Using human cell's lineages as substrate in IIF became popular after the papers by Tan et al.^1,5 Among several cultures tested, HEp-2 cells had hegemony, and today they are the pattern of excellence used all around the world.^5,6 HEp-2 cells, whose origin is human larynx carcinoma (human epithelioma type 2 - clone CCl 23 ATCC), are cultured in monolayer, presenting a growing cycle of approximately 36 hours, which allows the observation of the cells in every phase of cell cycle in the same slide.⁷ Even antigens preferentially identified in cell division are easily characterized, like centromere antigens⁸ and mitotic spindle-related antigens.⁹

When reading ANA using IIF one should consider important characteristics of this methodology, such as topographic and intracellular distribution of autoantigen corresponding to immunofluorescent pattern, which provides an idea of the autoantigen nature and, in some cases, makes it possible to accurately identify the autoantibody specificity,⁹ such as in anticentromere antibodies⁸ and anti-PCNA.¹⁰ However, the nature of this test permits some interferences, such as the type of microscope used (lens, objective and light), cell substrate, conjugate and, particularly, subjectivity in the observer's interpreting.

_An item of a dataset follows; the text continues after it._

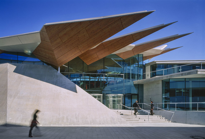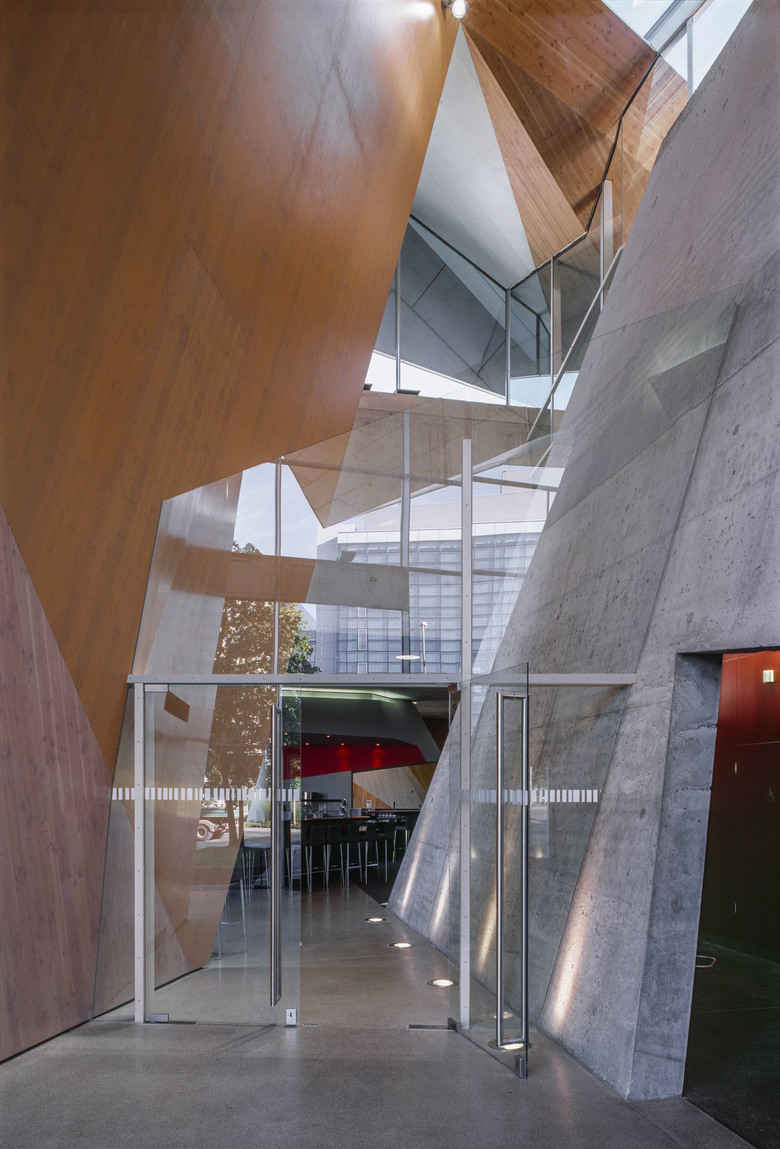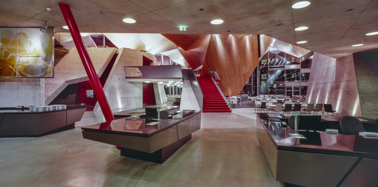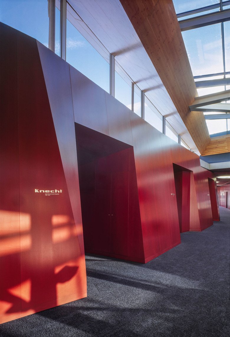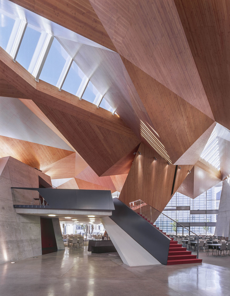 Der Gastraum – Unter einer bewegten großflächigen hölzernen Dachlandschaft nehmen täglich ca. 2.200 Mitarbeiter auf 680 Sitzplätzen ein Mittagessen ein. Formal gestaltete steinerne Volumen tragen das Dach und beinhalten die Infrastruktur für den Gastraum. Das Dachtragwerk über dem Gastraum tritt in seinen statischen Details nicht in Erscheinung: Vielmehr überspannt ein räumliches, hölzernes „Faltwerk„ scheinbar stützenfrei den großen Gastraum und leistet gleichzeitig die signifikanten Auskragungen, welche jeweils die Logik dieser Form zu Ende führen. Die in Beton materialisierten Volumen wachsen nach oben (Stalagmiten) und die hölzern ausgebildeten Elemente der Dachlandschaft wachsen nach unten (Stalaktiten) und gliedern so gemeinsam den großzügigen, fließenden Gastraum in unterschiedliche Teilbereiche.

The lack of a defined terminology for report description has caused problems in the clinical and laboratory use of this test, due to difficulty in quality control and result standardization. Although some patterns were similar, they had received different names. In 2000, a initiative was taken to create the first Brazilian Consensus for Standardization of ANA in HEp-2 Cells. Brazilian experts in ANA got together and consensually defined opinions for different patterns: nuclear, nucleolar, cytoplasmatic and mitotic.¹¹ Recommendations about the criteria for reading a slide have been established, such as titrations and optical system used.

In 2003, there was a second consensus,¹² in which decision algorithms to read ANA patterns in IIF discussed in the first edition of Brazilian Consensus were validated, and a new algorithm related to mix patterns was added. They tried to establish possible associations of each pattern with a specific disease or clinical manifestation.

Since 2004, the Department of Clinical Pathology at Hospital de Clínicas de Porto Alegre (SPC/HCPA) implemented the recommendations from the I and II Brazilian Consensuses for Standardization of ANA in HEp-2 cells,^11,12 following decision algorithms to demonstrate the data found, as well as morphological criteria observed during reading. The digital result for this test has been adapted to a new format, and examiners were trained to read the test during the period of one year.

Despite success in wide implementation of Consensus recommendations by clinical analysis laboratories, with a clear reduction in variability, we do not know any study assessing its performance to improve diagnosis and in clinical practice.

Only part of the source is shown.